Bagong yang mendengar itu langsung maju ke depan.

"Sebentar sinuwun, kok ada yang tidak beres. Aku mau ikut nimbrung,” tegas Bagong.

"Eh, wong gedibal, wong kere, cuma punokawan, mengapa maju ke depan dan tidak sopan berbicara dengan kita,” kata Durna.

"Hei, Durna, lambemu ojo clometan,” sahut Bagong sekenanya.

"Eh, Bagong kurang ajar. Hormati sinuwun Duryudhana,” dibalas Sengkuni.

"Aku hormat pada sinuwun, tapi yang aku tidak hormat pada Kintoko Dewo. Kata-katamu tadi menyebut Prabu Kresna dan Semar benar-benar mengusik pendalamanku,” jawab Bagong.

Bagong melanjutkan, "Berarti aku yang keliru. Apa yang didawuhkan Prabu Dwarawati benar. Begawan Kintoko Dewo ini palsu. Dari luar saja sok suci tapi hatinya kejam.”

"Apa maksudmu, Bagong. Kowe kan cantrikku, harusnya membelaku,” jawab Kintoko Dewo dengan lemah lembut.

"Cantrik mbelgedhes. Ora sudi aku jadi baturmu. Tujuanmu menghentikan perang Baratayudha cuma ingin menumbalkan Prabu Kresna dan Semar. Itu ilmu gathuk darimana,” sindir Bagong.

"Eh, Bagong. Ini bukan ilmu gathuk. Kalau marcapada ingin tentram dan damai, tidak ada perang, tidak dihuni orang-orang radikal, ya harus menumbalkan Kresna dan Semar. Sebab keduanya adalah penghasut dan radikal,” timpal sang begawan.

"Gundulmu melocot. Prabu Dwarawati adalah orang suci. Titisan Dewa Wisnu. Bagaimana mungkin dia disebut penghasut perang. Semar, meskipun hanyalah punokawan, wong kere, tapi dia juga orang suci. Dia titisan dewa. Meski aku sering njambal, sering panggil dia Mar Mer, tapi aku sangat menghormatinya melebihi nyawaku sendiri, bahkan aku rela pertaruhkan nyawa demi bapakku. Jadi cangkummu yang hati-hati kalau bicara,” mata Bagong mulai mendonong, tampak emosi tidak tertahan.

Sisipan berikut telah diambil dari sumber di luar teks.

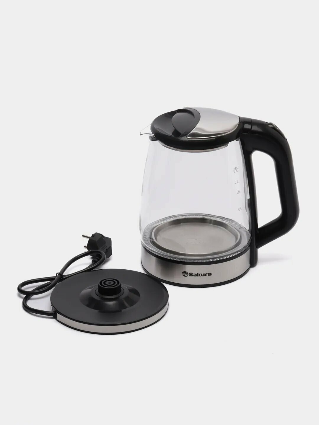 Чайник электрический Sakura SA-2722BK, стекло, 2.2 л, 1800 Вт, подсветка, серебристо-чёрный

Tiba-tiba Werkudara berdiri di hadapan Bagong. "Bagong. Jaga nadamu. Hati-hati kalau bicara dengan orang suci. Sampai kata-katamu tidak sopan, tak injak kapok kowe, biar modar sekalian,” ancam Werkudara.

"Ndoro, aku bukannya tidak sopan. Tapi mereka yang tidak sopan. Ndoro Werkudara dan Janaka dibohongi sama Kintoko Dewo,” kata-kata Bagong tidak melunak, bahkan semakin keras.

"Kowe berani sama junjungamu. Tak sobek-sobek lambemu dengan Kuku Pancanaka, Bagooong!” Teriak Werkudara.

Mendengar ancaman Werkudara dan nada bicaranya semakin meninggi, Bagong keder dan langsung kabur. Dalam pelarian Bagong hanya bisa menyesali diri.

"Duh Gusti, salahku apa ya. Prabu Werkudara kok ngamuk. Petruk, Gareng, kalian dimana? Aku mau dibunuh sama Raden Werkudara dan Raden Janaka,” sedih Bagong.   

Karena yang dihadapinya adalah ksatria Ngamarta yang notabene junjungannya, Bagong berniat melaporkan hal tersebut ke Prabu Dwarawati.

Di sana, Bagong bertemu Prabu Dwarawati, Semar dan Prabu Mandura tak lain Baladewa. Dengan nafas masih terengah-engah, Bagong duduk di hadapan mereka sembari mengapurancang.

Bagong pun mulai menceritakan duduk permasalahannya.